December 2007, Volume 57, Issue 12

Opinion and Debate

Glucose-6-phosphate dehydrogenase (G6PD) screening in Pakistani neonates:

Bushra Moiz  ( Department of Pathology and Microbiology, The Aga Khan University, Karachi )

The primary metabolic role of erythrocyte glucose-6-phosphate dehydrogenase (G6PD) is the protection of red cells against oxidative damage. Its deficiency is the commonest inherited red cell enzymopathy as it affects around 400 million people globally with the highest prevalence in tropics and subtropics. Because it is an X-linked disorder, hemizygous males and homozygous females are the ones that are mainly affected. However, approximately 10% of heterozygous females may also be at risk. The presentation is variable depending on the residual enzyme activity and ranges from completely asymptomatic individuals to those who have life long haemolysis. Most significant manifestations are drug-induced haemolysis, favism, neonatal hyper bilirubinaemia and non spherocytic haemolytic anaemia.1


There is considerable evidence to believe that G6PD deficiency in Pakistan is not a rarity as various population based studies have shown a prevalence ranging from 2-3.8%2-5 with highest frequency of 8.6% observed in Pathans.6 Unfortunately, there is no documentation of characterization of its biochemical variants. Moreover, other than a single contribution from Saha et al7 which identified presence of 563C-T and silent mutation of 1311 C-T in Pashtoons and Punjabis, nothing is known about the patterns and prevalence of different disease-causing mutations in the various Pakistani ethnic groups.

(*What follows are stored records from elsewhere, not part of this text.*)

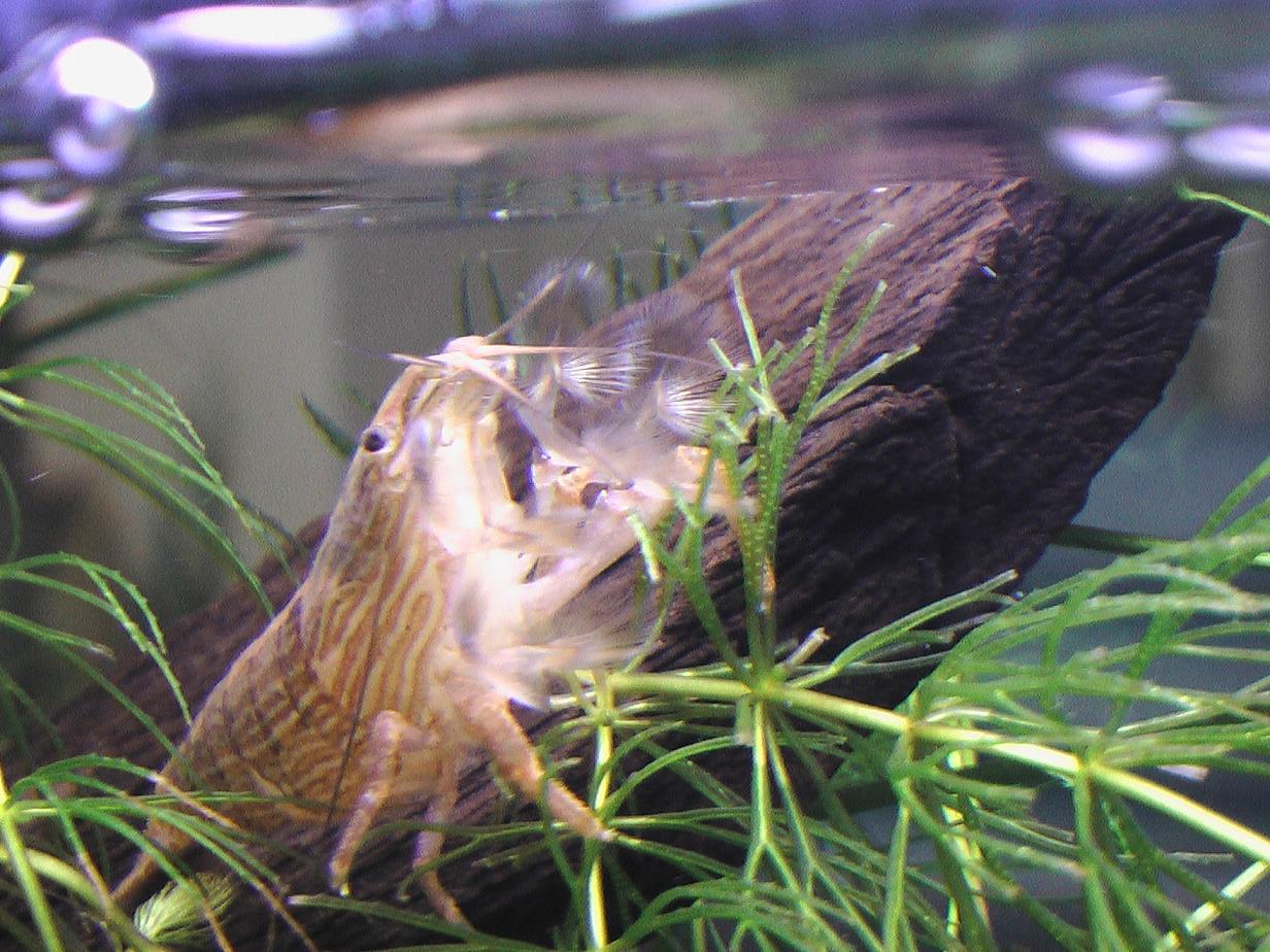 で、去年の11月頃から我が家の流木ストック水槽にはこんなえびも↓
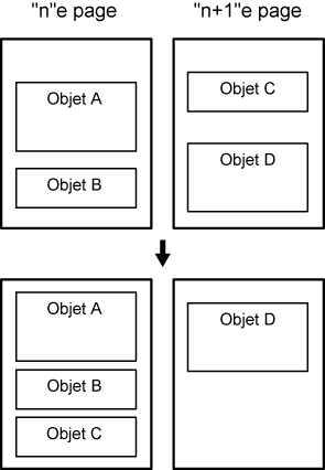 Lorsque la fonction de réduction des marges est exécutée, les marges sont réduites et les objets sont déplacés vers le haut sur chaque page. Par ailleurs, si le bas d'une page présente un espace, les objets de la page suivante sont déplacés dans cet espace.
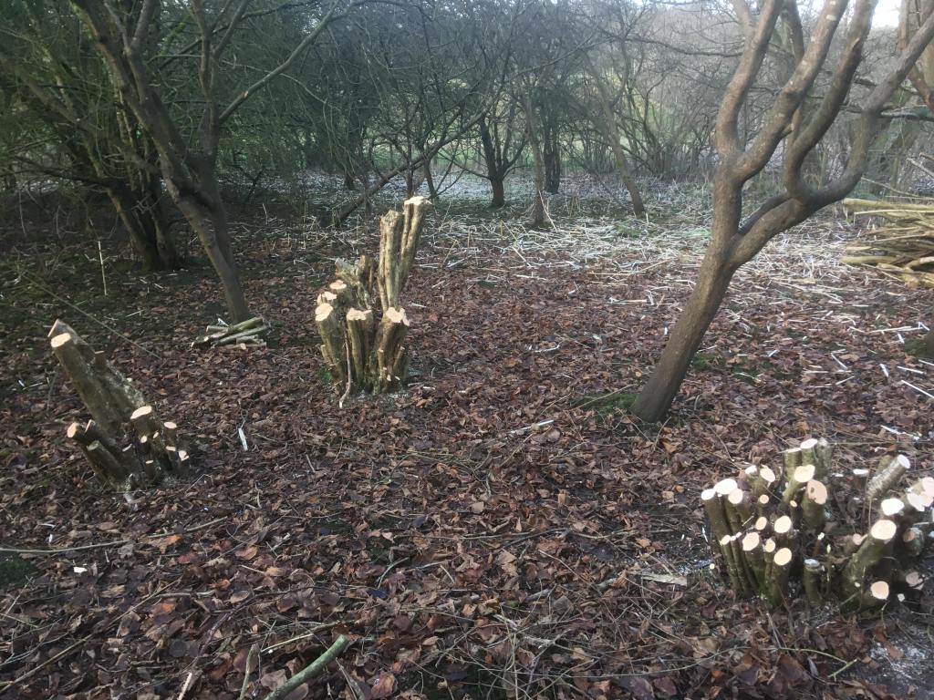 We then decided to go and check up on the coppice project I started in January to see how progress was going. I started 4 different coppice sections this year. The first was 3 old growth stools of hazel that had overgrown and needed cutting right back to get them back into rotation. This was done on the 1st of January. These plants grew very very slowly to start off in the year and I was worried that I had killed them despite having cut them when the plants were dormant. However I was happy to see today I had shoots that were a good 2ft tall or so from the stumps and up to 3 ft in some places. I cleared away the Himalayan bolsum which had sprouted around the stumps due to the increase of light and threatened to swamp the stools.
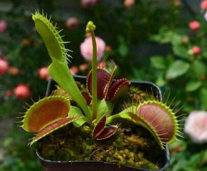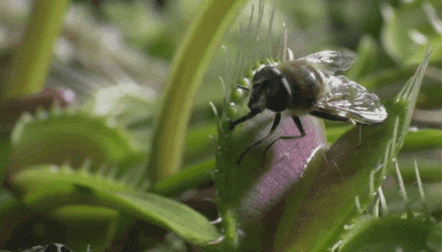 用夹子捕食可以算是食虫植物中最吸引人的一种捕食方式了。夹子状的捕虫器不仅长相吓人,而且捕起虫来动作敏捷,很多人家里养着捕蝇草,还执着于喂它口香糖、芥末之类奇奇怪怪的东西,来观察它的反映。

Infants with severe variants of G6PD deficiency are known to develop hyperbilirubinaemia that may be sufficient to cause kernicterus and even death.1 Recent research is focusing on decreased bilirubin conjugation rather than haemolysis as the primary aetiology for neonatal jaundice (NNJ) in the enzyme deficient babies with promoter polymorphism of UDP glucoronyl transferase 1A1 gene (UGT1A1) as the major implicating factor.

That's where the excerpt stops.